Question

A school captain and 2 vice-captains are to be chosen from a group of 5 boys and 6 girls. What is the probability that all 3 positions will be taken by:
at least two girls?

Answer 1

Here we will use the concept that I was applying that day I guess..

Answer 2

Firstly find the total number of combinations you can choose to form Captain and Vice captains..

You can do that in :

\[\large ^{11}C_3\]

Answer 3

And note that the word "Atleast " comes here..

Answer 4

3 positions taken by at least 2 girls has the following 2 cases:
1) 2G and 1B
2) 3G and 0B

no. of ways for (1) is 6C2 * 5C1
no. of ways for (2) is 6C3 * 5C0

so the total no. of ways for at least 2 girls is (6C2 * 5C1) + (6C3 * 5C0)
for the probability, divide that exp by the total no. of ways for selecting the captains = 11C3

Answer 5

Atleast means you can have 2 girls out of 3 or you can have 3 out of 3 also..

SO:
\[^6C_2 \times ^5C_1 + ^6C_3\]

Answer 6

huh?

Answer 7

sorry, explain please :(

Answer 8

which part is confusing u?

Answer 9

I am making the combinations so check this:


2 girls And 1 boy Or 3 girls AND 0 boy..

\(^6C_2\) \(\times \) \(^5C_1\) + \(^6C_3\) \(\times\) \(^5C_0\)
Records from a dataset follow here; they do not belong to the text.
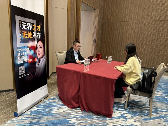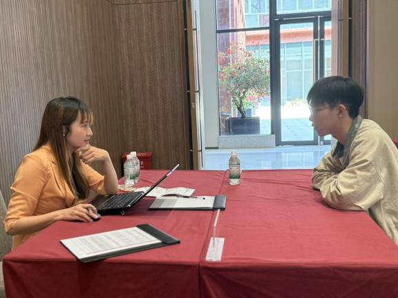 太阳网集团tcy8722ACCA方向班四位同学——24级卓粤、李雨洋、陈彦然及23级劳雅怡——参加了现场面试。他们以英文进行自我介绍与面试应答,展现出扎实的专业基础、良好的沟通能力及积极向上的精神风貌。
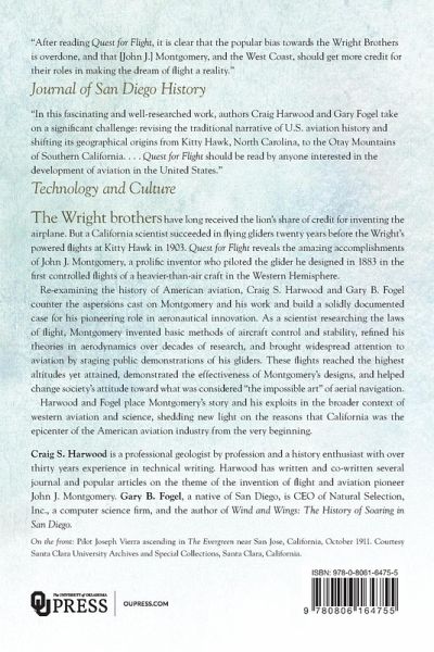 The Wright brothers have long received the lion's share of credit for inventing the airplane. But a California scientist succeeded in flying gliders twenty years before the Wright's powered flights at Kitty Hawk in 1903. Quest for Flight reveals the amazing accomplishments of John J. Montgomery, a prolific inventor who piloted the glider he designed in 1883 in the first controlled flights of a heavier-than-air craft in the Western Hemisphere. Re-examining the history of American aviation, Craig S. Harwood and Gary B. Fogel present the story of human efforts to take to the skies. They show that history's nearly exclusive focus on two brothers resulted from a lengthy public campaign the Wrights waged to profit from their aeroplane patent and create a monopoly in aviation. Countering the aspersions cast on Montgomery and his work, Harwood and Fogel build a solidly documented case for Montgomery's pioneering role in aeronautical innovation. As a scientist researching the laws of flight, Montgomery invented basic methods of aircraft control and stability, refined his theories in aerodynamics over decades of research, and brought widespread attention to aviation by staging public demonstrations of his gliders. After his first flights near San Diego in the 1880s, his pursuit continued through a series of glider designs. These experiments culminated in 1905 with controlled flights in Northern California using tandem-wing Montgomery gliders launched from balloons. These flights reached the highest altitudes yet attained, demonstrated the effectiveness of Montgomery's designs, and helped change society's attitude toward what was considered "the impossible art" of aerial navigation. Inventors and aviators working west of the Mississippi at the turn of the twentieth century have not received the recognition they deserve. Harwood and Fogel place Montgomery's story and his exploits in the broader context of western aviation and science, shedding new light on the reasons that California was the epicenter of the American aviation industry from the very beginning.
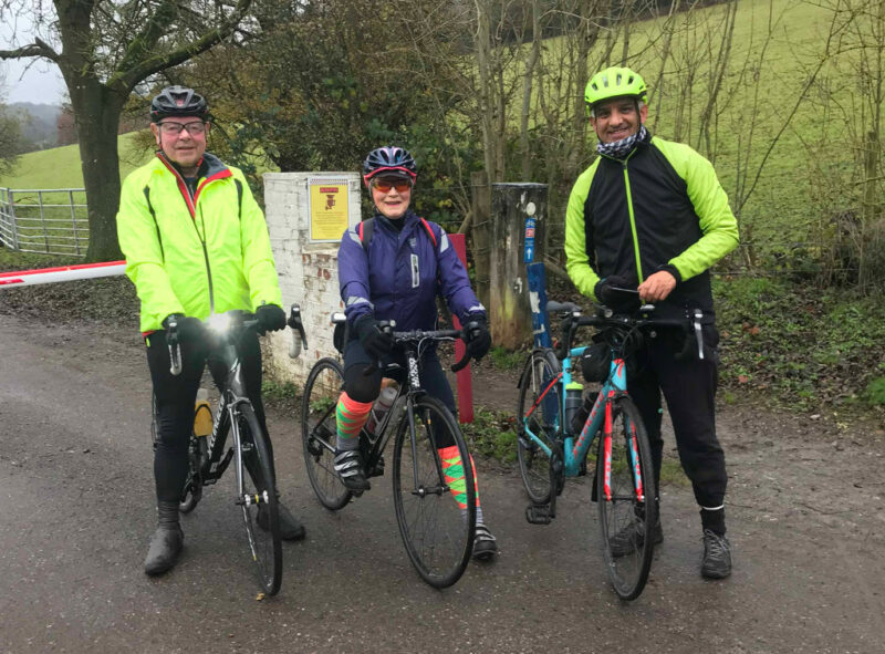 Karen and Asif were waiting at Shurgard, both suitably attired for the wet weather and Karen sporting a rather striking pair of socks which were not only super highly visible on the road but also just the ticket for the golf club destination.  Mick was running a bit late due to some wardrobe issues but joined us at the bottom of Old Lodge Lane wearing about 6 layers.  This did lead to some overheating later and maybe the lesson is that if you can’t decide what to wear then wearing everything is not the answer.

2 girls out of 6 you can choose in \(^6C_2\)
1 boy you can select in out of 5 : \(^5C_1\)

3 girls out of 6 you can have in : \(^6C_3\)

0 boys out of 5 you can have in : \(^5C_0\)

Answer 10

ok got it, thanks.

Answer 11

Sure no ??

Answer 12

ya, sure.

Answer 13

Solve it and try to find out the answer..

Answer 14

yep, got it.

Answer 15

Well Done..